L'enterrement des victimes des attaques des Fulanis à Riyom, une zone de gouvernement local desservie par la paroisse St. Laurence de l'archidiocèse catholique de Jos au Nigéria. Crédit : Père George Barde L'enterrement des victimes des attaques des Fulanis à Riyom, une zone de gouvernement local desservie par la paroisse St. Laurence de l'archidiocèse catholique de Jos au Nigéria. Crédit : Père George Barde

Un incident survenu récemment dans la zone de gouvernement local de Riyom, dans l'État du Plateau, au Nigeria, où le père George Barde s'était rendu pour procéder à l'enterrement collectif des victimes des attaques des Fulanis, a ouvert les yeux des habitants, en particulier des chrétiens, sur une dure réalité : ils sont seuls face au djihad islamique qui fait rage dans ce pays d'Afrique de l'Ouest.

Tout a commencé lorsque deux jeunes hommes qui veillaient à la veillée ont été abattus, l'un d'une balle dans la jambe, l'autre d'une balle dans la fesse.

"Les Fulanis se cachaient dans les buissons et ont vu la lumière d'un feu que les garçons qui veillaient avaient allumé. Depuis leur cachette, ils ont tiré sur les garçons. Celui qui a reçu une balle dans la jambe a réussi à courir jusqu'au campement pour transmettre la nouvelle que les gens étaient attaqués", raconte le père Barde à ACI Afrique.

Une ambulance a été immédiatement appelée pour transporter les deux blessés à l'hôpital. Sept hommes à bord du véhicule ont été attaqués et tués dans ce qui a été rapporté comme l'une des attaques les plus horribles à Riyom, survenue le jour d'un enterrement de masse.

"Ce qui a le plus surpris les habitants, c'est que lorsque les hommes armés se sont enfuis après avoir abattu les sept hommes, ils ont pris la direction d'un poste militaire situé à environ deux kilomètres de la localité attaquée.
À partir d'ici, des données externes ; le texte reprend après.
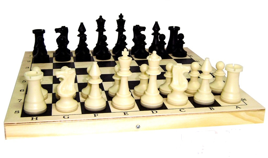 Шахматы обиходные пластиковые в деревянной коробке, 02-105

Les hommes armés n'ont pas couru dans une autre direction, car ils auraient été tués. Au lieu de cela, ils ont couru vers le poste militaire, ont passé un point de contrôle et ont disparu", explique le père Barde, prêtre responsable de la paroisse catholique Saint Laurence de Riyom, dans l'archidiocèse de Jos, au Nigeria, ajoutant que cinq des sept hommes étaient membres de sa paroisse.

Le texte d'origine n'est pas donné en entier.